Outside it was a clear night and she could see across the marshes to the Laze, marked by the riding lights of the fishing boats, waiting for the low tide. But it was cold, and the air stung her face.

‘It was very good of them to ask me,’ she thought. ‘I daresay they found me a bit awkward to talk to.’

As soon as she had gone, the groups of guests reformed themselves, as the cattle had done when Raven took the old horse aside. Now they were all of the same kind, facing one way, grazing together. Between themselves they could arrange many matters, though what they arranged was quite often a matter of chance. As the time drew on for thinking about going home, Mrs Gamart was still a little disturbed as what seemed a check in her scheme for the Old House. This Mrs Green, though unobtrusive enough, had not quite agreed to everything on the spot. It was not of much importance.

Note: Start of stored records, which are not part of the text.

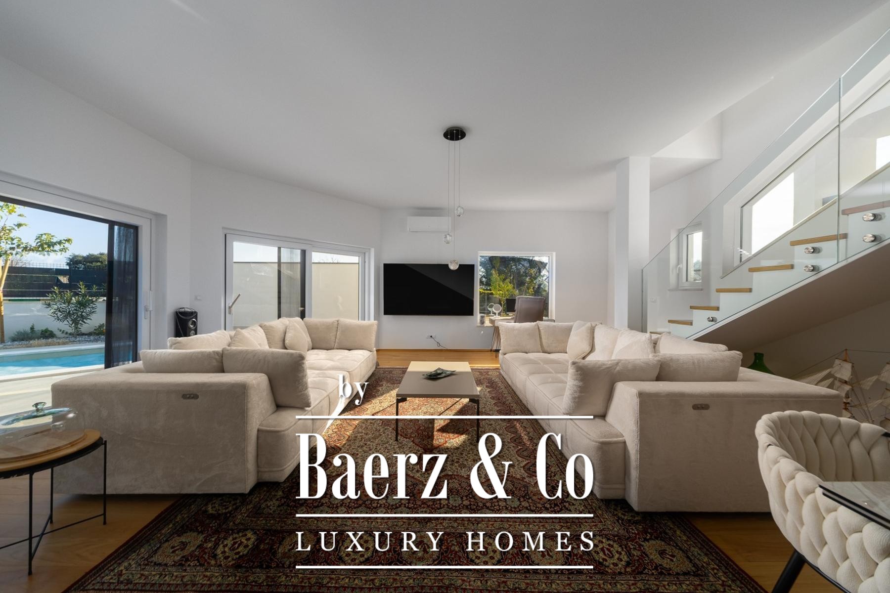 Das elegante Layout der Villa verteilt sich auf zwei Etagen. Im Erdgeschoss befindet sich ein großzügiges Wohnzimmer mit raumhohen Glaswänden, die viel Tageslicht hereinlassen und zu einer überdachten Terrasse führen. Direkt daneben liegt ein beeindruckender Pool von 3 mal 23 Metern, umgeben vom üppigen mediterranen Garten. Eine moderne Küche mit Essbereich, ein Technikraum und ein stilvolles Gäste-WC vervollständigen diese Ebene. Für behagliche Abende sorgt ein Kamin.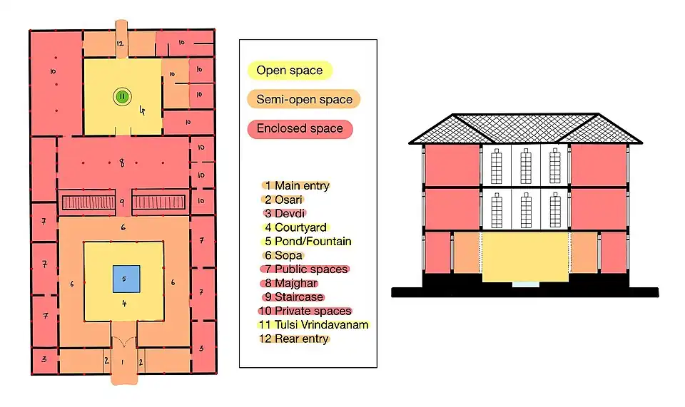 Since the wada is an introverted house, the courtyard becomes the focus of the house and is the principal organizer of all the spaces and functions oriented towards it. A definite spatial hierarchy is maintained, the thresholds of which may be physical or sensory.[1]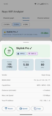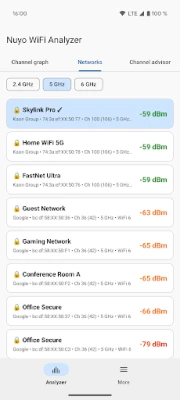 Whether you need a quick Wi-Fi scan to check signal strength, want the best channel for your router, or are exploring 6 GHz / Wi-Fi 6E networks, Nuyo WiFi Analyzer and Scanner gives you the data you need — instantly.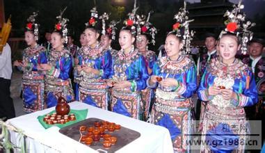 贵州少数民族在长期的社交活动中,形成了独特的民族礼俗,表现了他们热情好客、团结和睦、理智文明的美德。 苗族是一个十分好客的民族。有稀客、贵客来到苗寨,往往是主人家请客喝酒吃饭以后,主人家的兄弟、房族、友邻甚至全寨的人家都会接着来请,真可谓"一家客人全寨亲"。苗家请客大都有鸡、鸭、鱼、肉和木耳、香菇、豆腐、豆芽,以及富有民族特色的腌鱼、盐酸菜、香肠、血豆腐等菜肴。不仅要敬酒劝酒,还要唱古歌、飞歌助兴。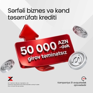 В рамках кампании физические лица-предприниматели и юридические лица могут получить бизнес-кредит до 50 000 AZN сроком до 24 месяцев без залогового обеспечения. Кроме того, на период действия кампании по обеспеченным кредитам на сумму до 300 000 AZN и сроком до 48 месяцев не требуется страхование залога . Данные условия создают дополнительную финансовую поддержку для увеличения оборотных средств и расширения предпринимательской деятельности.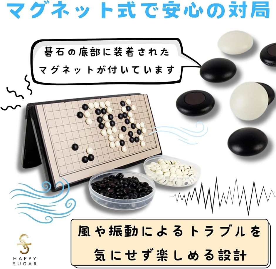 「マグネット式で安心の対局体験」碁石の底部に装着されたマグネットが付いています。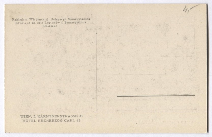 Nakładem Wiedeńskiej Delegacyi Samarytanina polskiego na cele Legionów i Samarytanina polskiego. Wien, I. Kärntnerstrasse 31, Hotel Erzherzog Carl 43. 1915? Bez korespondencji. Stan dobry.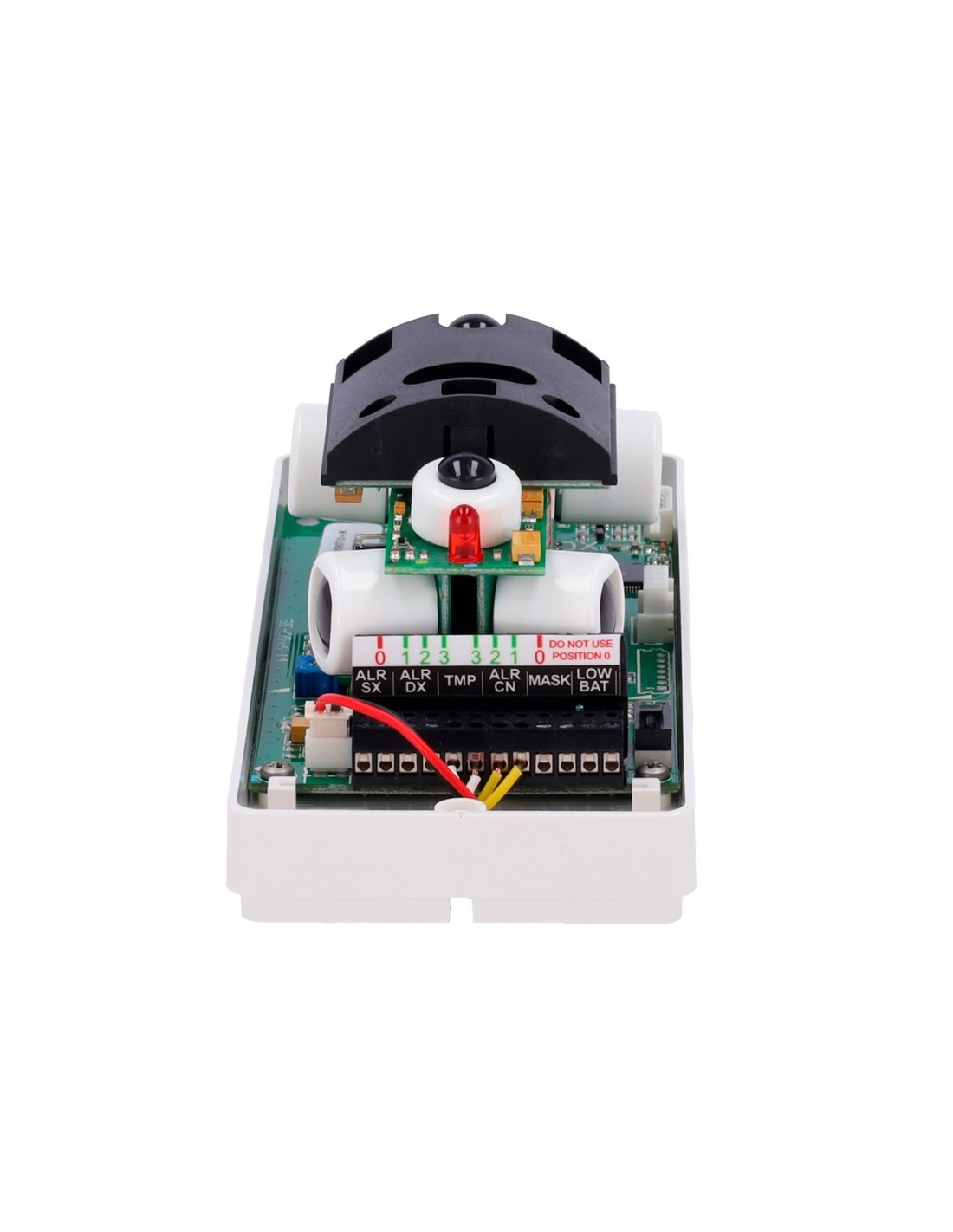 | Configuración DIP Switch | 1 - Antimasking (On/Off) 2- Pre-alarma frontal (On/Off) 3- Walk-test frontal (On/Off) 4- Walk-test derecho (On/Off) 5- Walk-test izquierdo (On/Off) 6- LED alarma (On/Off) 7- Programación por App (On/Off) 8 y 9 - Configuración lados (todos los lados activos / izda, dcha o frontal excluidos) 10- Unificación alarmas en una salida (On/Off) |

But a little more champagne, given her by Milo, caused her mind to revolve in its giddy uppermost circle, and to her cousin’s second husband, who was something to do with the Arts Council, and to her own cousin once removed, who was soon going to be high up in the Directorate of Planning, and to her brilliant nephew who sat for the Longwash Division of West Suffolk and had already made his name as the persevering secretary of the Society for Providing Public Access to Places of Interest and Beauty, and to Lord Gosfield who had ventured over from his stagnant castle in the Fens because if foot-and-mouth broke out again he wouldn’t be able to come for months, she spoke of the Hardborough Centre for Music and the Arts. And in the minds of her brilliant nephew, cousin, and so on, a faint resolution formed that something might have to be done, or Violet might become rather a nuisance. Even Lord Gosfield was touched, though he had said nothing all evening, and had in fact driven the hundred odd miles expressly to say nothing in the company of his old friend Bruno. They were all kind to their hostess, because it made life easier.

It was time to be gone. They were not sure where they or their wives had put the car keys. They lingered at the front door saying that they must not let in the cold air, while the General’s old dog, which lived in single-minded expectation of the door opening, thumped its tail feebly on the shining floor; then their cars would not start and the prospect of some of them returning to stay the night grew perilously close; then the last spark ignited and they roared away, calling and waving, and the marsh wind could be heard again in the silence that followed.